For the rest of the season – and the rest of his career, however long that lasts – Clemens will face small tasks grown large because of his age. How does he recover from bad innings? How does he compensate when he has trouble locating his fastball, as he did Thursday, or when his splitter won't dive? How does he succeed not only because of who he is but in spite of it?

Twins manager Ron Gardenhire spent parts of five seasons with the New York Mets and started managing before he hit 30. He contemplated the idea of succeeding professionally at 43 years old and said, "Yeah. In a 40-and-over league."

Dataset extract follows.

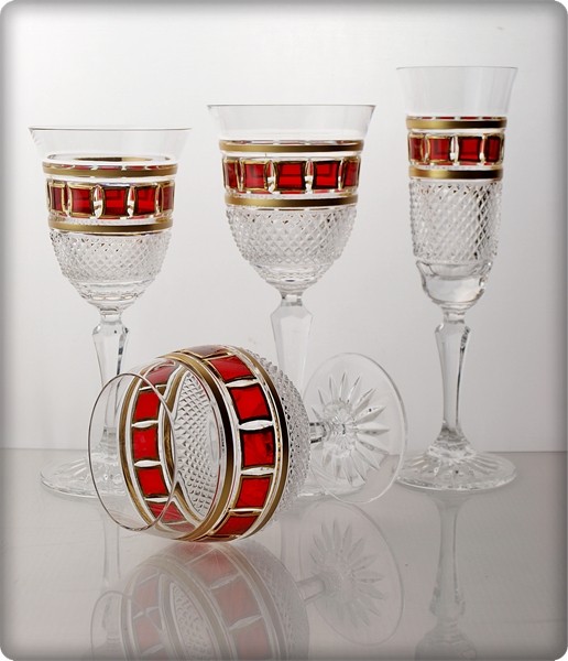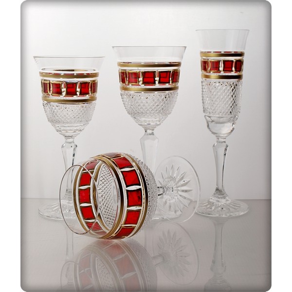 Cristal de Bohême agrémenté d’une teinture de couleur rouge et d’un pourtour en or 12ct. Cette collection réunit couleur et beauté, offrant un service à verres dynamique et coloré.

Even with more 40-year-olds in baseball than ever, the standard for Clemens sits a level above. Last year, he posted a 1.87 earned-run average, the best of his career. It seems almost immaterial that on Thursday he opposed someone almost half his age, the Twins' magnificent 22-year-old left-hander Francisco Liriano, a future Cy Young winner who stifled the Astros.

Clemens was expected to win, just as he's expected to energize Houston, just as he's expected to practically save lives, which he may very well do with a $3 million donation to Memorial Hermann Hospital.

Partly because Clemens expects these things of himself. He's 43, and he still wants to conquer the world.

"I know two things," Astros catcher Brad Ausmus said. "When I'm 43, I won't be playing baseball. And I won't be catching Roger Clemens."

Ausmus would not promise that when he's 43, in six years, Clemens won't still be pitching.

"I've got kids half my age putting their nose on the outside corner," Clemens said. "But that's how it is. Take a couple Advil and go get 'em."

Anything to ensure the big middle-aged man that could still can.